RECORDS FOR THIS TASK ▸
+ + + + +
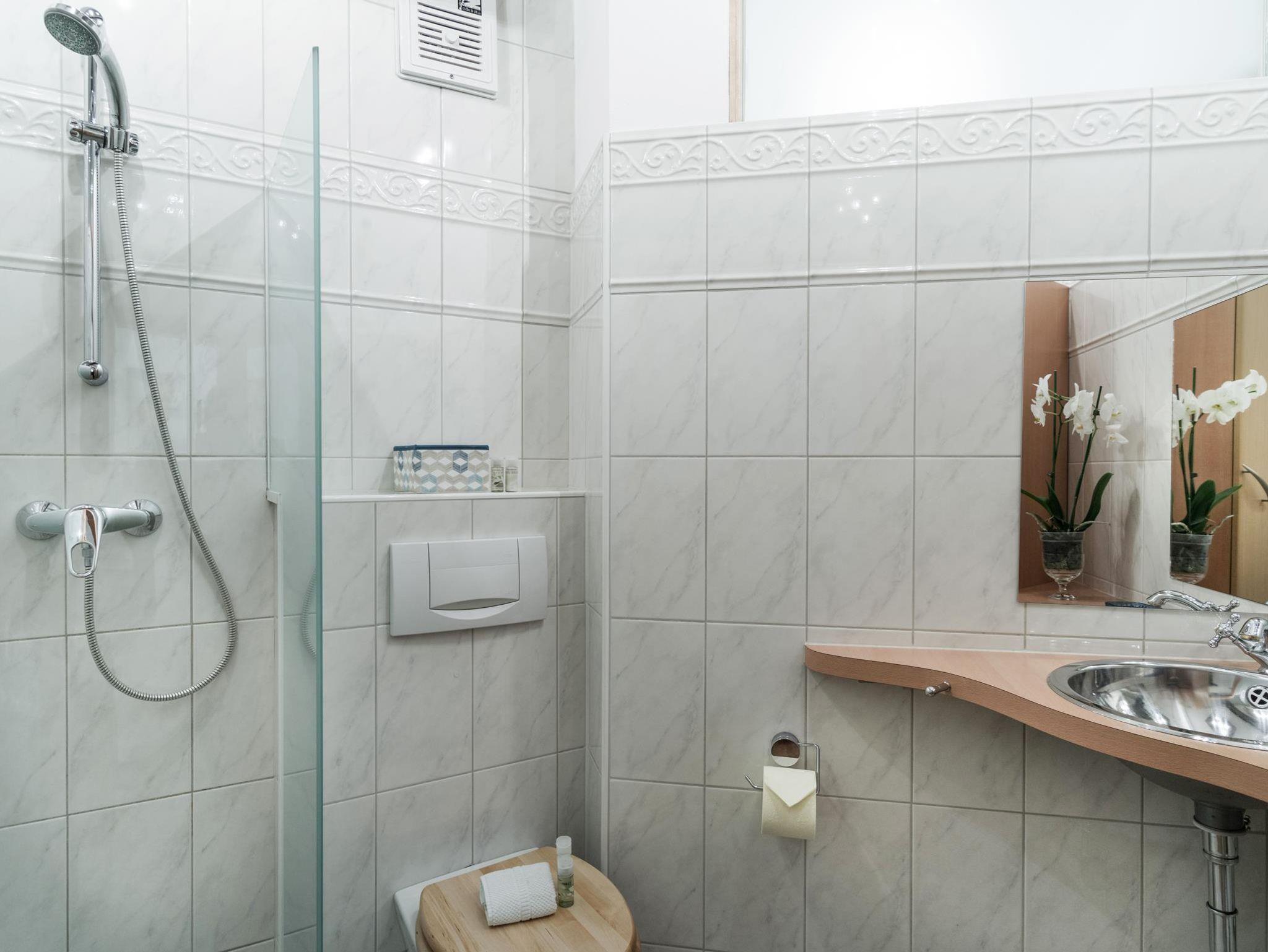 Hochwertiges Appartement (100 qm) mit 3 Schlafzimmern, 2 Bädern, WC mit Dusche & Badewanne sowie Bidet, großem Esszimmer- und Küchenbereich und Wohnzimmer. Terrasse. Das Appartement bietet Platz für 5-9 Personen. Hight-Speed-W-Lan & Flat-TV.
+ + + + +
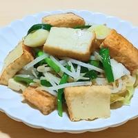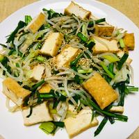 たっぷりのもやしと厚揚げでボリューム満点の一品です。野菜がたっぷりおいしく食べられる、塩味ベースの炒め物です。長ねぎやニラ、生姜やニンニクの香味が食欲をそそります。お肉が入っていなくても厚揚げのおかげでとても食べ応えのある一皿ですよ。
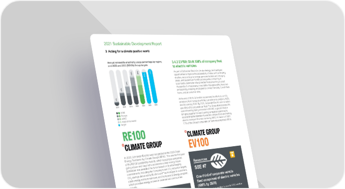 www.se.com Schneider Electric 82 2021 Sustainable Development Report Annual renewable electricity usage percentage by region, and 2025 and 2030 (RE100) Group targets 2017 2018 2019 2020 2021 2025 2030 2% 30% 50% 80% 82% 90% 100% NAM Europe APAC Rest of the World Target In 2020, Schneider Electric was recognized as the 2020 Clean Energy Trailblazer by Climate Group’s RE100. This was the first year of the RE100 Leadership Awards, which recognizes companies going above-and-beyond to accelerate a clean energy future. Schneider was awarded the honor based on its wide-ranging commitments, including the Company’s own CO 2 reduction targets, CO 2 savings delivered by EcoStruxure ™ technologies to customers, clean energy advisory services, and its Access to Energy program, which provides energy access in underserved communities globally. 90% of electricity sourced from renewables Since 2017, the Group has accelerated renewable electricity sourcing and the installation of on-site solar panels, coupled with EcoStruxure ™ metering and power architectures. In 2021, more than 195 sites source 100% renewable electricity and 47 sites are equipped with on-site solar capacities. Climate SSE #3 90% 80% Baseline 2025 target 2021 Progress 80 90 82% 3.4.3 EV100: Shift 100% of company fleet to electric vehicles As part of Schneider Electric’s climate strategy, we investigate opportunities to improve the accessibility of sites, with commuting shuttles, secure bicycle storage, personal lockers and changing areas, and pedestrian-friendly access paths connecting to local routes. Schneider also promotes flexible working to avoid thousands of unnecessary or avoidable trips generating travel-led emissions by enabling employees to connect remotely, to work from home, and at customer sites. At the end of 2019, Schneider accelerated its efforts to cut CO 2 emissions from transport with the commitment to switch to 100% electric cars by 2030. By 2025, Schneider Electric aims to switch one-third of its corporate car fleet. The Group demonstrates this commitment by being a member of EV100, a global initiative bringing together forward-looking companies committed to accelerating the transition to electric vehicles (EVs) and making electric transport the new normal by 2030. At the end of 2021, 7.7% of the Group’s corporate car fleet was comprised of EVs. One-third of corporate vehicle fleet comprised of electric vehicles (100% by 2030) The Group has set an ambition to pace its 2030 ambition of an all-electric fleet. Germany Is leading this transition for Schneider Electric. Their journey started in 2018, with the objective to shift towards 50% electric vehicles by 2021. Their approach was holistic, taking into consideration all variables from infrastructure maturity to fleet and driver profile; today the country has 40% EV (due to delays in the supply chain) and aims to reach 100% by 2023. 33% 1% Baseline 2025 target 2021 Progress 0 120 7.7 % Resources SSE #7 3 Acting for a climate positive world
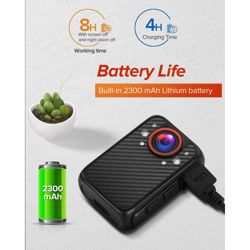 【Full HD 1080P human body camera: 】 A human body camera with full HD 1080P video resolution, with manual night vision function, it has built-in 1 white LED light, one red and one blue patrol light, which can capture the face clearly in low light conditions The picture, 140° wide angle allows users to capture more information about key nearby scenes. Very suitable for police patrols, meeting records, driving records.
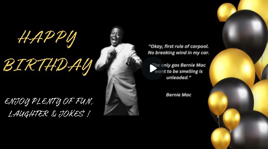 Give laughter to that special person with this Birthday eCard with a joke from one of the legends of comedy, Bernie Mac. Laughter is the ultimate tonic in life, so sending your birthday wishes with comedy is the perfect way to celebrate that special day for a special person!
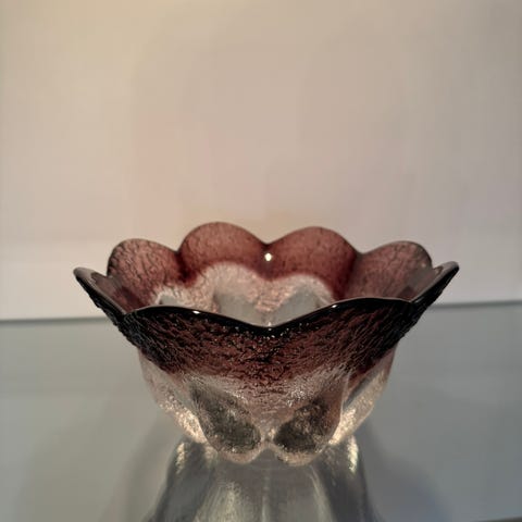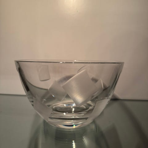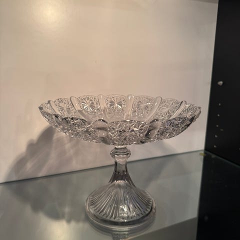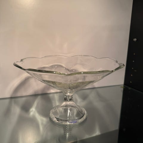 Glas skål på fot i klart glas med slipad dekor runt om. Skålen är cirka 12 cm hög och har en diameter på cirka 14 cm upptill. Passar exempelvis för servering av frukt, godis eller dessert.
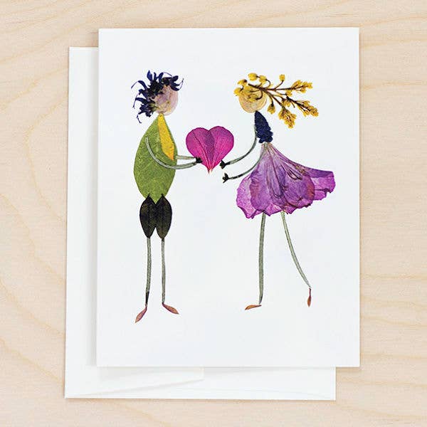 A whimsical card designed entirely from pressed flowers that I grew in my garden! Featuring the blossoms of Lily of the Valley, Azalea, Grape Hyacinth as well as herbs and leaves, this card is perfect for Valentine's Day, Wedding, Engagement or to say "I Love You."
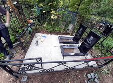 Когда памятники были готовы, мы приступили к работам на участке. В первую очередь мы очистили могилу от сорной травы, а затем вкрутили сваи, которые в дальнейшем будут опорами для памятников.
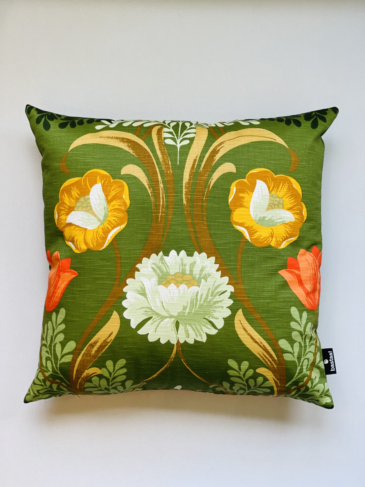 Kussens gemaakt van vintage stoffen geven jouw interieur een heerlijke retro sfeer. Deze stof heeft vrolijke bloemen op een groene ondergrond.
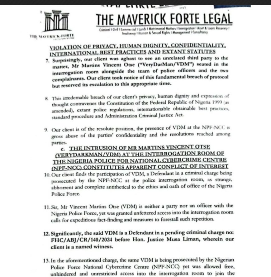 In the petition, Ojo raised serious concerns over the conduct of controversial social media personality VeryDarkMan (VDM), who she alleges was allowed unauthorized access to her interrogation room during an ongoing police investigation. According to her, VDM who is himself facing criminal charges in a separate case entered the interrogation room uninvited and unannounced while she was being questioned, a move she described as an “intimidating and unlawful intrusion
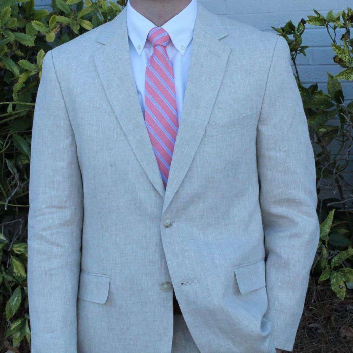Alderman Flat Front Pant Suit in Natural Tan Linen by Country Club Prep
+ + + + +
EXERCISE DESCRIPTION ▸
What do the entries above read from the line containing "Когда памятники были" through the line containing "Kussens gemaakt van"? Output those lines exactly, both ends included, with the pictures left out.

EXERCISE RESULT ▸
 Когда памятники были готовы, мы приступили к работам на участке. В первую очередь мы очистили могилу от сорной травы, а затем вкрутили сваи, которые в дальнейшем будут опорами для памятников.
 Kussens gemaakt van vintage stoffen geven jouw interieur een heerlijke retro sfeer. Deze stof heeft vrolijke bloemen op een groene ondergrond.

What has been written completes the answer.